Huaijin Gu^*, Jianbin Wang, Zhe Zhu, Jun He And Dan Qin

Department of Critical Care Medicine, Huaibei People’s Hospital, Huaibei, Anhui Province 235000, China

*Corresponding Author:: Huaijin Gu
Department of Critical Care Medicine, Huaibei People’s Hospital, Huaibei, Anhui Province 235000, China
E-mail: guhuaijin76@163.com

This article was originally published in a special issue,“Drug Development in Biomedical and Pharmaceutical Sciences”

Indian J Pharm Sci 2023:85(5) Spl Issue “81-91”

This is an open access article distributed under the terms of the Creative Commons Attribution-NonCommercial-ShareAlike 3.0 License, which allows others to remix, tweak, and build upon the work non-commercially, as long as the author is credited and the new creations are licensed under the identical terms

DOI: 10.36468/pharmaceutical-sciences.spl.744

Abstract

This study evaluated the effects of different dexmedetomidine doses on respiratory mechanics and safety indicators in intensive care unit patients undergoing centralized mechanical ventilation. Intensive care unit patients receiving mechanical ventilation from January 2016 to December 2022 were divided into dexmedetomidine-A, dexmedetomidine-B, midazolam and propofol groups. Dexmedetomidine-A received dexmedetomidine at 0.6 μg/kg/h and dexmedetomidine-B at 1.0 μg/kg/h. Respiratory mechanics and safety parameters were compared. Dexmedetomidine-A and dexmedetomidine-B groups showed no significant changes in volume, respiratory rate, minute ventilation, partial pressure of carbon dioxide in expired tidal and forced expiratory volume percentage compared to baseline (T0) at T1-T6 (p>0.05). In midazolam and propofol groups, significant changes were observed in volume, respiratory rate, minute ventilation at T1- T6, partial pressure of carbon dioxide in expired tidal at T1-T4 and forced expiratory volume percentage at T3-T6 compared to T0 (p<0.05). Differences between dexmedetomidine-A/dexmedetomidine-B and midazolam/propofol groups were statistically significant (p<0.05), but not between dexmedetomidine-A/ dexmedetomidine-B groups (p>0.05). Other parameters such as partial pressure of carbon dioxide, heart rate, medication dosage, Ramsay score, Richmond agitation sedation scale score, time to achieve target Richmond agitation sedation scale, duration of ventilation and intensive care unit stay varied significantly among groups. Dexmedetomidine has less impact on respiratory mechanics compared to midazolam and propofol in intensive care unit patients undergoing centralized mechanical ventilation.
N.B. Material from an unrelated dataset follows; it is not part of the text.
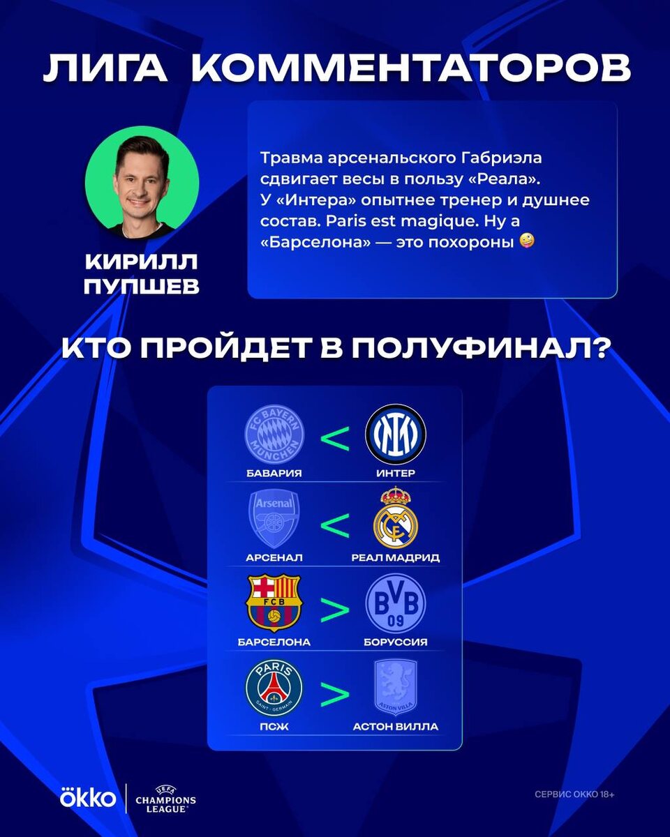 Кирилл Пупшев: дашь прогнозы посмотреть? Денис Алхазов: да, только не списывай точь-в-точь ✍️ Травма Габриэля подпортит планы «Арсенала», «Интер» вытеснит «Баварию», а «ПСЖ» и «Барса» на классе выйдут в полуфинал. Такие расклады от Кирилла 😏

Both 0.6 μg/kg/h and 1.0 μg/kg/h dexmedetomidine doses provide equivalent sedation and safety benefits.

Keywords

Dose, dexmedetomidine, mechanical ventilation, respiratory mechanics, analgesia

Mechanical ventilation is one of the main modalities of treatment for Multiple Organ Dysfunction Syndrome in the Elderly (MODSE). Approximately 30 % of patients in the Intensive Care Unit (ICU) require therapeutic mechanical ventilation[1]. Although its use can provide significant benefits to ICU patients, it also carries the risk of serious complications such as Ventilator Associated Pneumonia (VAP), delirium and ICU-acquired debilitation. The occurrence of these complications not only prolongs the duration of mechanical ventilation, but also affects the recovery of neurological and physiological function, which is detrimental to the prognosis of mechanically ventilated patients in the ICU[2,3]. In 2004, the Institute for Healthcare Improvement (IHI) recommended that intensive ventilator therapy for ICU patients could reduce the risk of VAP[4]. Sedation and analgesia are essential for the treatment of mechanically ventilated patients in the ICU, with the aim of relieving pain, reducing anxiety, hypnosis and inducing amnesia[5]. The ideal sedative drug has a rapid onset of action, predictable dose-effects, short half-life, no accumulation of prototype compounds or metabolites, little inhibition of the respiratory cycle, no dependence on hepatic metabolism and is inexpensive[6]. Dexmedetomidine (Dex) is a potent alpha-2 adrenoceptor agonist that exerts local analgesic, sedative and anxiolytic effects through its high affinity for alpha-2 adrenoceptors, without inhibiting the respiratory cycle[7]. Song et al.[8] reported that the use of Dex in mechanically ventilated patients in the ICU not only resulted in superior sedation and reduced the incidence of delirium, but that there was a risk of complications such as hypotension and tachycardia and that the dosage of Dex in mechanically ventilated patients in the ICU was still not uniform. In view of this, this study collected data to analyze the value of different doses of dexmedetomidine in ICU mechanically ventilated patients under intensive care, using respiratory mechanics and safety as the main observation indicators, with a view to providing an experimental basis for the sedative and analgesic treatment of mechanically ventilated patients in the ICU.

Materials and Methods

General information:

We selected patients who received mechanical ventilation bundle in the ICU from January 2016 to December 2022 as the study objects.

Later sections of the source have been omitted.